4. Strengthening Integrated Care & Community Partnerships
Given that many individuals report seeking behavioral health support through medical providers, there may be opportunities to further strengthen integration with physical health systems. AMHR could consider:
- Expanding partnerships with primary care providers and health systems
- Enhancing referral pathways and collaboration mechanisms
- Increasing outreach and education to medical partners
This approach may support earlier intervention and improved care coordination.
5. Sustaining and Elevating Adult Education & Skill-Building Services
The prominence of adult education programs in community feedback highlights their continued importance. AMHR may consider:
- Sustaining and potentially expanding adult education and life-skills programming
- Integrating these services into broader care pathways
- Continuing to position these programs as part of recovery-oriented care
These services may contribute to improved independence and overall wellness outcomes.
6. Supporting Workforce Development & Clinical Confidence
Workforce insights show ways to better support clinicians in delivering a range of services.
Considerations may include:
- Offering additional training in group therapy and relational modalities
- Strengthening supervision and peer learning opportunities
- Supporting confidence in delivering in-person and hybrid care
Investments in workforce development may enhance both service quality and access over time.

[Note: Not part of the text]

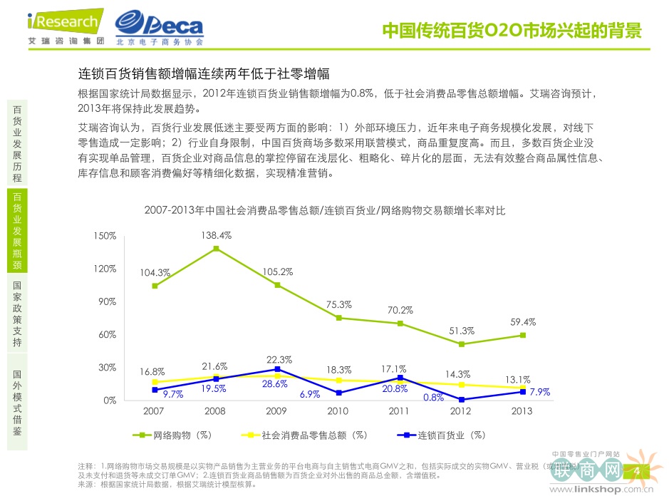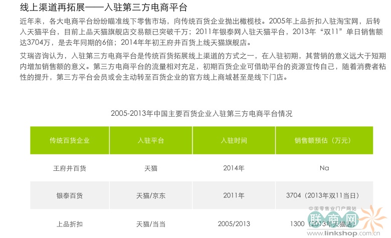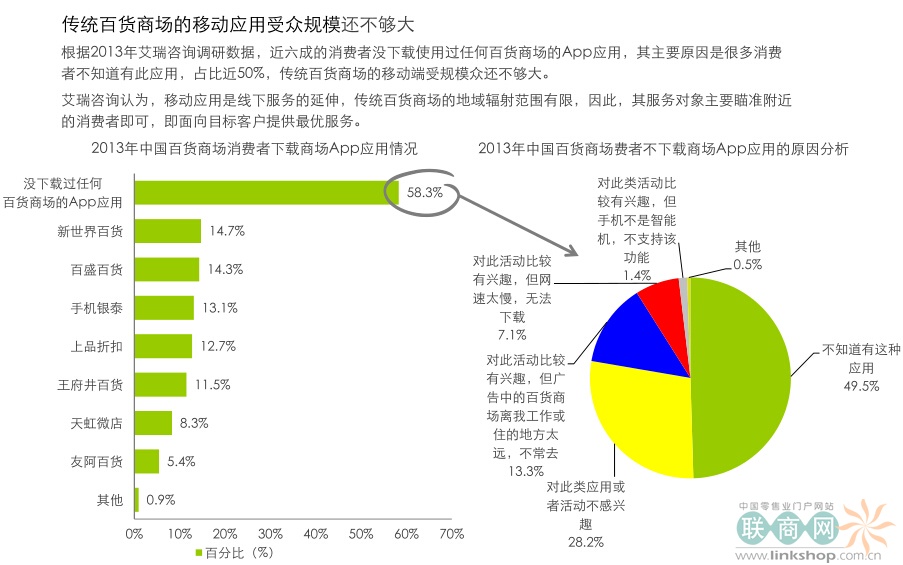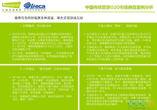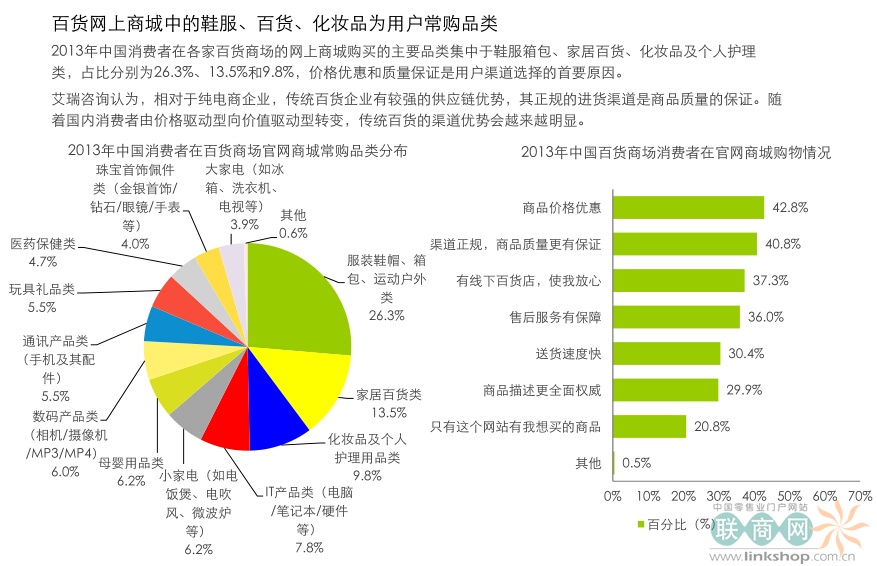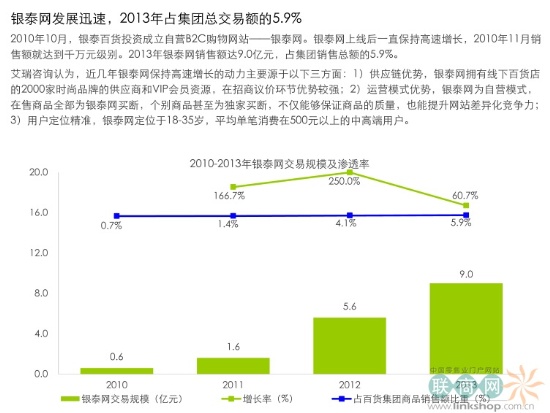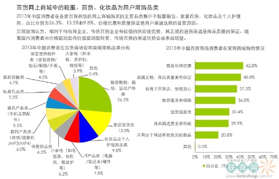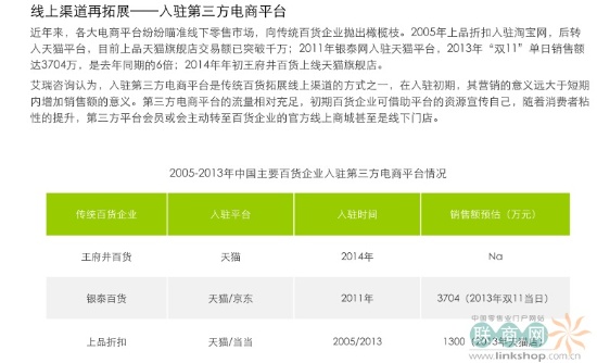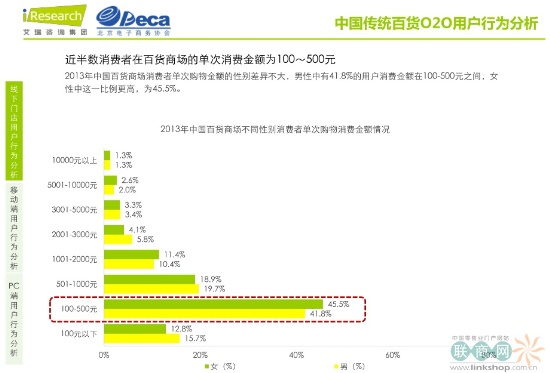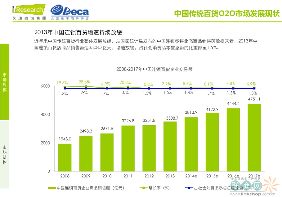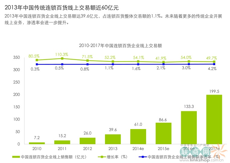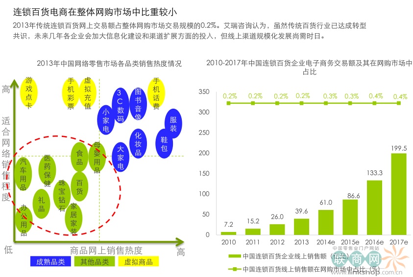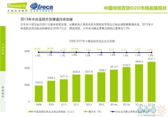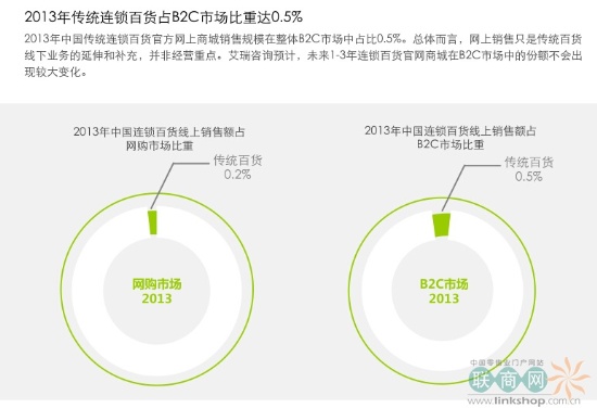 聯(lián)商網(wǎng)消息:7月23日,據(jù)艾瑞網(wǎng)發(fā)布的《2014年中國(guó)傳統(tǒng)百貨O2O市場(chǎng)及用戶(hù)研究報(bào)告》顯示,2013年中國(guó)連鎖百貨店商品銷(xiāo)售額達(dá)3508.7億元,增速放緩,占社會(huì)消費(fèi)品零售總額的比重降至1.5%。2013年中國(guó)連鎖百貨企業(yè)線(xiàn)上交易額達(dá)39.6億元,占連鎖百貨整體交易額的1.1%。2013年傳統(tǒng)連鎖百貨網(wǎng)上交易額占整體網(wǎng)購(gòu)市場(chǎng)交易規(guī)模的0.2%,傳統(tǒng)連鎖百貨官方網(wǎng)上商城銷(xiāo)售規(guī)模在整體B2C市場(chǎng)占比0.5%。

AMHR Community Needs Final Summary
The 2026 Community Needs Assessment demonstrates that AMHR has a strong foundation of community trust, stakeholder engagement, and data-driven insight to guide its next phase of growth. The breadth and depth of responses strengthen the credibility, reliability, and applicability of the findings, showing AMHR is responsive and accountable as a behavioral health provider.
The assessment also highlights opportunities to strengthen access, expand clinical modalities, and improve system integration, especially as insurance coverage changes and population health needs evolve.
By aligning strategic priorities with CCBHC certification requirements, SAMHSA guidance, and Colorado’s behavioral health transformation efforts, AMHR is wellpositioned to:
- Improve timely access to care
- Expand equitable and culturally responsive services
- Strengthen care coordination across systems
- Enhance outcomes through measurement-based and evidence-driven practices
The CNA will serve as a foundational document informing AMHR’s Continuous Quality Improvement (CQI) processes, operational planning, and long-term strategy. We will integrate the findings into program development, workforce training, and partnership initiatives, and we will monitor progress using established quality and performance metrics.
AMHR’s commitment to applying these findings will help us continue advancing toward a comprehensive, person-centered, recovery-oriented system of care that meets the diverse and evolving needs of the community.